Share this on social media:

Sophia Ktori considers how software can transform the laboratory

‘Choosing a system that offers flexible configuration to match specific teams’ needs is key to digital transformation,’ says Sharon Williams, Interactive Software’s product director. The UK-based firm works with universities and pharma to configure its Achiever Medical LIMS, designed for managing complex workflows.

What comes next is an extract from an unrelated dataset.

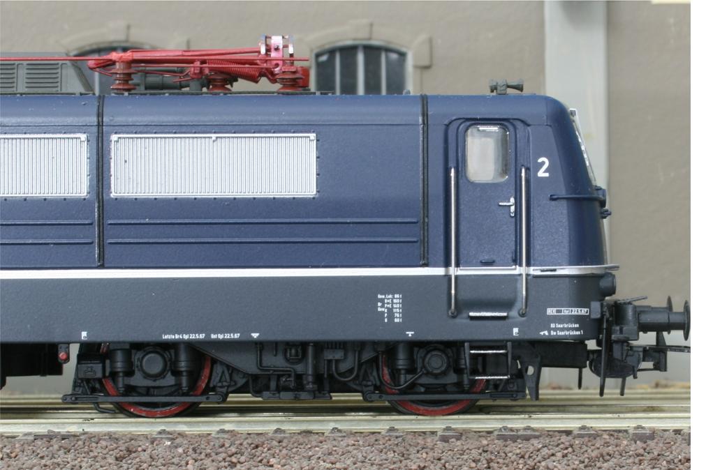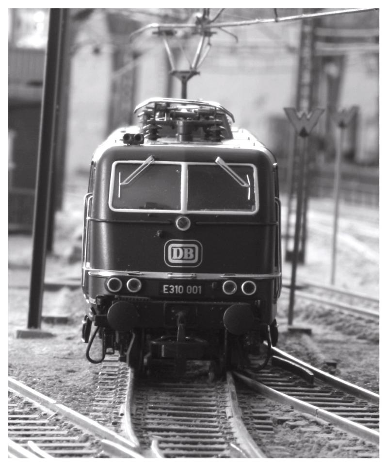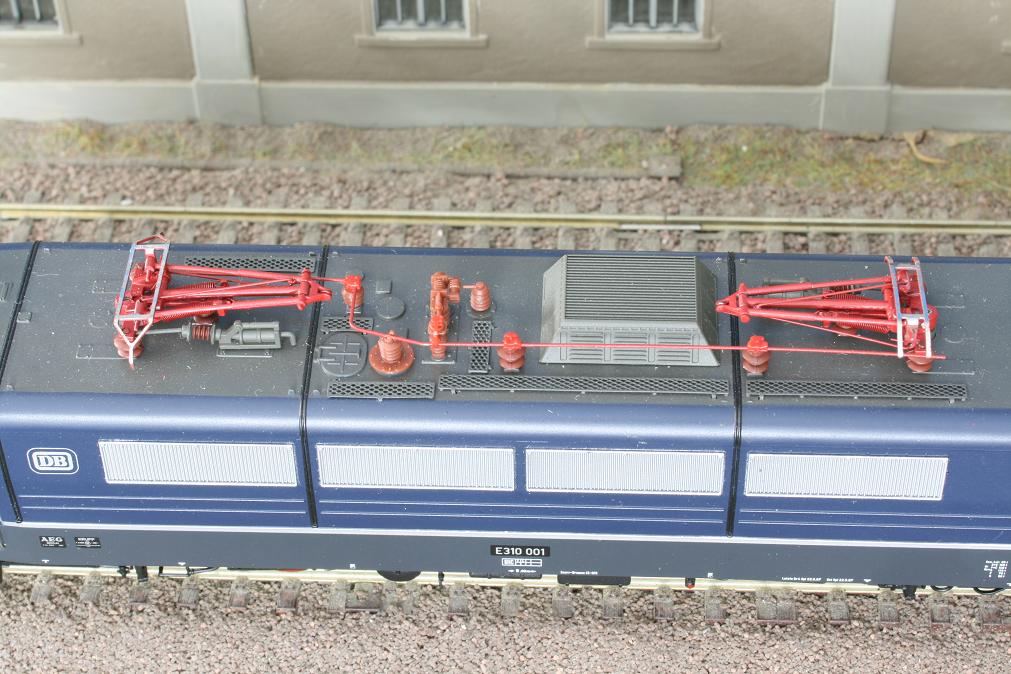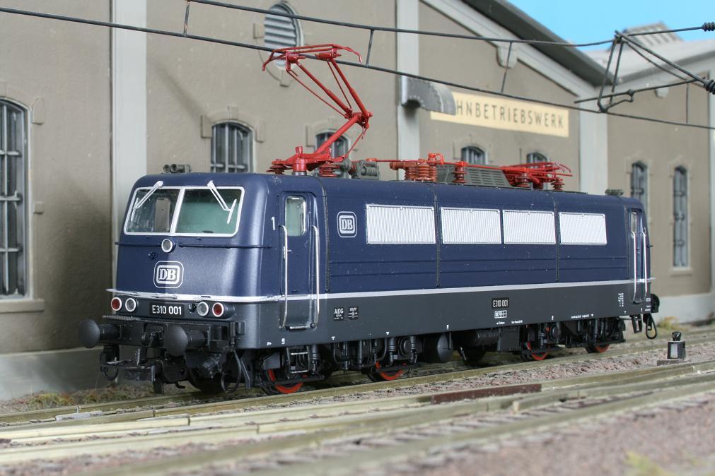 Modell einer Mehrsystem-Lokomotive der Baureihe E 310 ( “Europalok” ). Die Maschine besitzt 2 Stromabnehmer, die Dachtritte sind durchbrochen. Die Lackierung und Beschriftung entspricht der Ep. III

It’s important to look at the operational requirements of any potential user, and to understand what they already have in place to manage their workflows, and where, or what their deficits are, Williams noted. ‘We go into labs, see how they operate, and try to understand their end-to-end processes. We need to see what they are struggling with – they may be still relying on spreadsheets that get emailed between people with little or no security, for example – and then we can highlight those deficits.’

It’s ‘gap analysis,’ at a high level, she continued, which is more than just trying to reduce or remove the need for manual data input. ‘Once we understand where they are now, and what their aims are, we can then demonstrate how we can fill the gaps and build in value, security and efficiency. Not infrequently, implementation of a new platform might also highlight processes that may have been partially buried. ‘We’ve had customers come to us and say that they need to establish an SOP for a process that they only realised they were carrying out when they automated the workflow,’ said Williams.

Understand the ultimate endgame and you can work backwards from there, suggests Williams. ‘People tend to get tied up with looking at the software platforms that are on the market, rather than starting with what they want to achieve and how they want to get there. Realistically we can’t change the world in one go. Our aim is to try to break the problem down and look at what is going to have the greatest impact. Then we can start from there and work outwards.’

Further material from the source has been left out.